Parsing, ASTs, and Interpretation

The front half of the Nex implementation is conventional in broad outline and deliberately simple in detail. Source text becomes a parse tree, the parse tree becomes a cleaner AST, and that AST is handed to an interpreter that evaluates it directly. There is no intermediate representation, no optimisation pass, no compilation to bytecode before meaning is assigned. The interpreter is the semantics.

That simplicity is a design choice, not a limitation. A tree-walking interpreter is slower than a compiler and unsuitable for production JVM deployment, but it has one property that matters enormously for a language under active development: the connection between the AST and the executed behaviour is immediate and inspectable. If you want to know what a piece of Nex means, you read the interpreter. What it does is what the language does.

The relevant files are:

grammar/nexlang.g4 — the ANTLR grammar
src/nex/parser.clj — the thin parser layer
src/nex/walker.cljc — grammar tree to semantic AST
src/nex/interpreter.cljc — evaluation

If you are reading the code for the first time, treat this chapter as a guide to reading order. The shortest useful path through the implementation is:

parser/ast
the walker’s :program handler
make-context
eval-node :program
selected eval-node methods for expressions and statements

That path takes you from source text to executable meaning with very little indirection.

2.1 2.1 The Grammar

The ANTLR grammar defines the concrete syntax of Nex — what strings of characters constitute valid programs. It covers class declarations (including sealed classes and once fields), functions and anonymous functions, type aliases and forward declarations (declare type / declare function), generic parameters, function types, contracts, array and map and set literals, intern and import, spawn and select.

The grammar’s job is narrow on purpose: answer whether a given string is syntactically well-formed. It should not know whether a call is type-correct, whether an inheritance relation is legal, or whether a contract is meaningful. Those are later questions, and forcing them into the grammar would make it harder to evolve and harder to reason about. A grammar that tries to solve semantic problems is not a grammar any more — it is a grammar with hidden semantics scattered through it.

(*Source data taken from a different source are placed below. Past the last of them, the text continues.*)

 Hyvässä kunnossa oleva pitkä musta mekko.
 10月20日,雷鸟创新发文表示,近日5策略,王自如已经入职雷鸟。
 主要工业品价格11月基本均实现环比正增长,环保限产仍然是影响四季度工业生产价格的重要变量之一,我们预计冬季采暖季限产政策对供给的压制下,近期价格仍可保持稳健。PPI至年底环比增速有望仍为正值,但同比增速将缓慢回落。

For a contributor, the practical consequence is simple: when a feature change is really a syntax change, start in the grammar. If it is not a syntax change, do not force it there.

2.2 2.2 The Parser Layer

src/nex/parser.clj is intentionally thin:

(def parser
  (antlr/parser "grammar/nexlang.g4"))

(defn parse [input]
  (antlr/parse parser input))

(defn ast [input]
  (-> input
      parse
      walker/walk-node))

It creates an ANTLR parser via clj-antlr, invokes it on input, and hands the result to the walker. That is all. The thinness is a good sign — it means the parser layer is not secretly acting as a second semantics engine.

It also means the first real implementation boundary is easy to locate. Everything before walker/walk-node is parsing infrastructure. Everything after it is language processing.

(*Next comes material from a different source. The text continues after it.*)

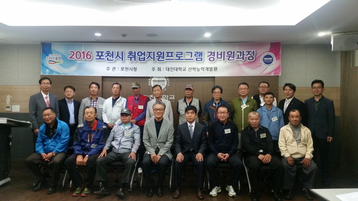 지난 9일 경기 포천시는 대진대학교 산학능력개발원 국제학관에서 고령자 맞춤형 취업프로그램인 '2016년 포천시 고령자를 위한 경비원취업과정'을 개강했다. 사진은 교육 참가자들이 기념촬영하는 모습.(사진제공=포천시청)
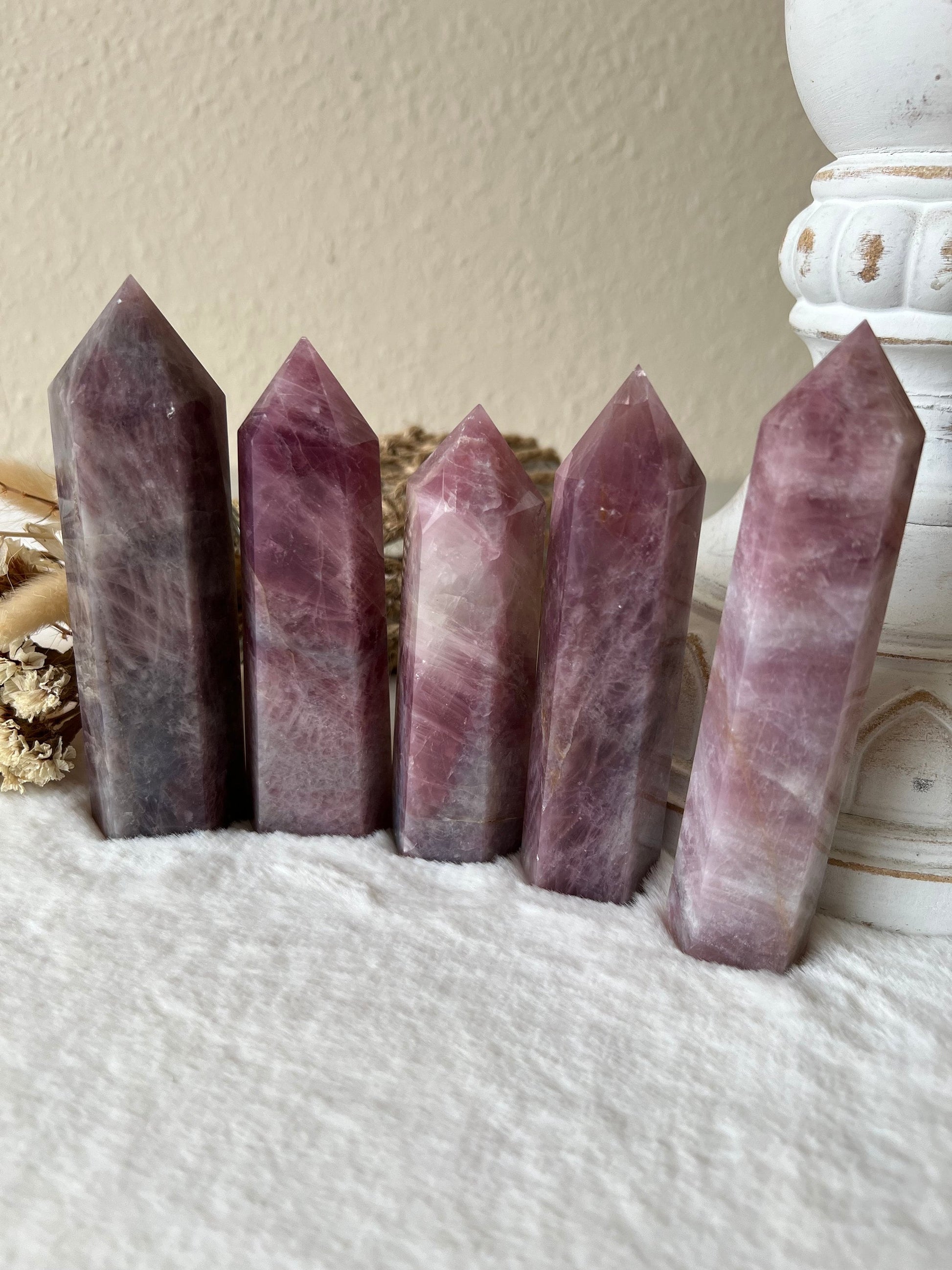 Die Lavendel Rosenquarz Türme vereinen die beruhigenden Eigenschaften von Lavendel mit der liebevollen Energie des Rosenquarzes, um eine einzigartige Kombination der Heilung und des Ausgleichs zu schaffen. Diese faszinierenden Türme strahlen eine sanfte Aura aus und werden für ihre tiefgreifenden heilenden Wirkungen geschätzt.

2.3 2.3 The Walker: From Grammar Trees to Semantic ASTs

The parse tree that ANTLR produces is faithful to the grammar, but grammar-faithful is not the same as easy to evaluate. Grammar trees carry syntactic noise — token boundaries, optional punctuation, production-rule artifacts — that the rest of the implementation should not have to navigate. The role of src/nex/walker.cljc is to convert grammar-shaped trees into semantic AST nodes that the interpreter and type-checker can work with directly.

This conversion produces regular Clojure maps with a :type key and a set of named fields:

{:type :class ...}
{:type :function ...}
{:type :binary ...}
{:type :call ...}
{:type :spawn ...}

The walker also normalises syntax that would otherwise require downstream phases to reconstruct:

intern becomes path, class name, and alias
import becomes qualified name and optional source
generic parameters become structured type data
source position becomes explicit :line and :col fields on every AST node

Each of these normalisations is a small thing on its own. Together they mean the interpreter can be written against a clean, explicit representation rather than against whatever the grammar happened to produce.

The walker is large but highly regular. It is best read as a dispatch table from grammar node names to AST constructors. Several parts deserve particular attention:

the :program handler, because it determines the top-level shape of the AST and the main contract with downstream phases
:internStmt and :importStmt, because they show how module-related syntax is normalised
class and function handlers, because they define the structures the typechecker and interpreter consume
expression handlers for :binary, :call, :create, and :spawn, because these become the most frequently evaluated nodes

A useful habit when reading the walker is to keep the corresponding grammar production open alongside it. The grammar shows how tokens are recognised; the walker shows which information survives into the semantic representation. The difference between the two is the walker’s entire purpose.

2.4 2.4 The AST as Plain Data

The AST is represented entirely in plain Clojure data: maps, vectors, strings, keywords, and numbers. This is not incidental — it is one of the strongest architectural decisions in the implementation.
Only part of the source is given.